“Boyne reads about insects,” she admitted.

“He told me of his collection of cocoons. He seems to be afraid it has suffered in his absence.”

“I’m afraid it has,” said Ellen, and then remained silent.

“There!” the young man broke out, pointing seaward. “That’s rather a fine one. Doesn’t that realize your idea of something mountains high? Unless your mountains are very high in Ohio!”

“It is grand. And the gulf between! But we haven’t any in our part. It’s all level. Do you believe the tenth wave is larger than the rest?”

“Why, the difficulty is to know which the tenth wave is, or when to begin counting.”

“Yes,” said the girl, and she added, vaguely: “I suppose it’s like everything else in that. We have to make-believe before we can believe anything.”

“Something like an hypothesis certainly seems necessary,” Breckon assented, with a smile for the gravity of their discourse. “We shouldn’t have the atomic theory without it.” She did not say anything, and he decided that the atomic theory was beyond the range of her reading. He tried to be more concrete. “We have to make-believe in ourselves before we can believe, don’t we?

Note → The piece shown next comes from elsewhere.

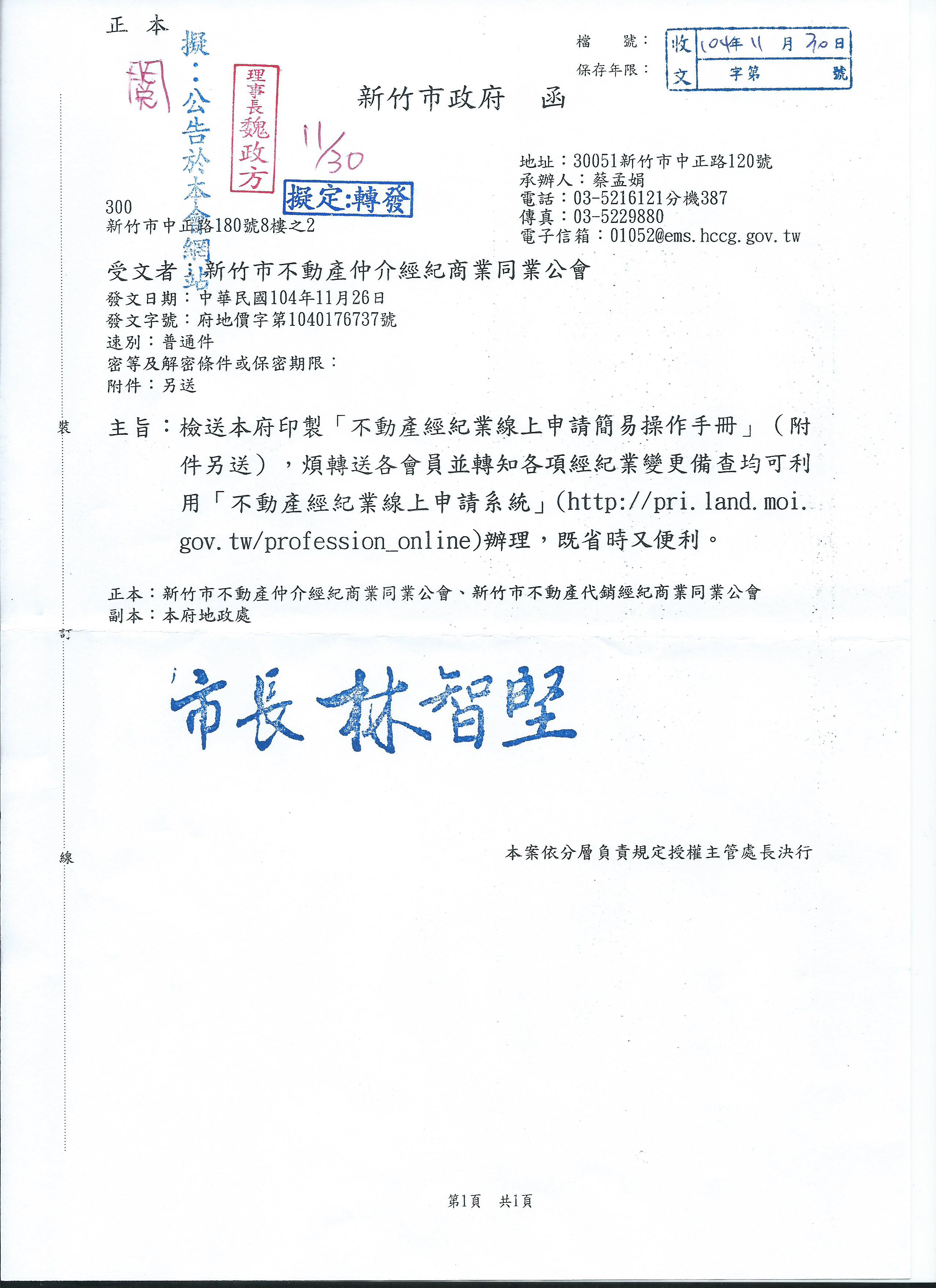 「不動產經紀業線上申請簡易操作手冊」於104年12月底統一寄發給會員公司

And then we sometimes find we are wrong!” He laughed, but she asked, with tragical seriousness:

“And what ought you to do when you find out you are mistaken in yourself?”

“That’s what I’m trying to decide,” he replied. “Sometimes I feel like renouncing myself altogether; but usually I give myself another chance. I dare say if I hadn’t been so forbearing I might have agreed with your sister about my unfitness for the ministry.”